Clinical implementation of MRI-based organs-at-risk auto-segmentation with convolutional networks for prostate radiotherapy.

Radiat Oncol 2020 May 11;15(1):104. Epub 2020 May 11.

Department of Radiotherapy, Division of Imaging & Oncology, University Medical Center Utrecht, Heidelberglaan 100, Utrecht, 3508 GA, The Netherlands.

Background: Structure delineation is a necessary, yet time-consuming manual procedure in radiotherapy. Recently, convolutional neural networks have been proposed to speed-up and automatise this procedure, obtaining promising results. With the advent of magnetic resonance imaging (MRI)-guided radiotherapy, MR-based segmentation is becoming increasingly relevant. However, the majority of the studies investigated automatic contouring based on computed tomography (CT).

Purpose: In this study, we investigate the feasibility of clinical use of deep learning-based automatic OARs delineation on MRI.

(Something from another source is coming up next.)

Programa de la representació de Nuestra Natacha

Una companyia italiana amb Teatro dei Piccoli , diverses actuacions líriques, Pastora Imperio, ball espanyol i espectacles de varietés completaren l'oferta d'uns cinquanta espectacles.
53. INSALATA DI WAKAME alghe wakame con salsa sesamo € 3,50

Materials And Methods: We included 150 patients diagnosed with prostate cancer who underwent MR-only radiotherapy. A three-dimensional (3D) T1-weighted dual spoiled gradient-recalled echo sequence was acquired with 3T MRI for the generation of the synthetic-CT. The first 48 patients were included in a feasibility study training two 3D convolutional networks called DeepMedic and dense V-net (dV-net) to segment bladder, rectum and femurs. A research version of an atlas-based software was considered for comparison. Dice similarity coefficient, 95% Hausdorff distances (HD), and mean distances were calculated against clinical delineations. For eight patients, an expert RTT scored the quality of the contouring for all the three methods. A choice among the three approaches was made, and the chosen approach was retrained on 97 patients and implemented for automatic use in the clinical workflow. For the successive 53 patients, Dice, HD and mean distances were calculated against the clinically used delineations.

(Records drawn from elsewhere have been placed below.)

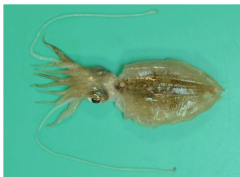
5 ヒメコウイカ Sepia (Doratosepion) kubiensis Hoyle, 1885). 61mmML, 山口県西沖 (対馬東沖), 2012年9月24日, やまぐち丸採集, 萩博物館所蔵 (液浸:HH-Mo.00484)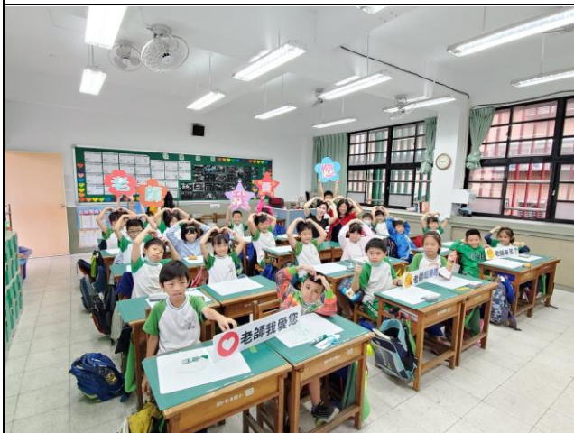
◆感謝老師的教導和關懷。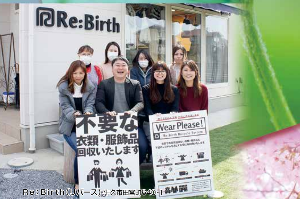
Re:Birth(リバース) 牛久市田宮町640-1

Results: DeepMedic, dV-net and the atlas-based software generated contours in 60 s, 4 s and 10-15 min, respectively. Performances were higher for both the networks compared to the atlas-based software. The qualitative analysis demonstrated that delineation from DeepMedic required fewer adaptations, followed by dV-net and the atlas-based software. DeepMedic was clinically implemented. After retraining DeepMedic and testing on the successive patients, the performances slightly improved.

Conclusion: High conformality for OARs delineation was achieved with two in-house trained networks, obtaining a significant speed-up of the delineation procedure. Comparison of different approaches has been performed leading to the succesful adoption of one of the neural networks, DeepMedic, in the clinical workflow. DeepMedic maintained in a clinical setting the accuracy obtained in the feasibility study.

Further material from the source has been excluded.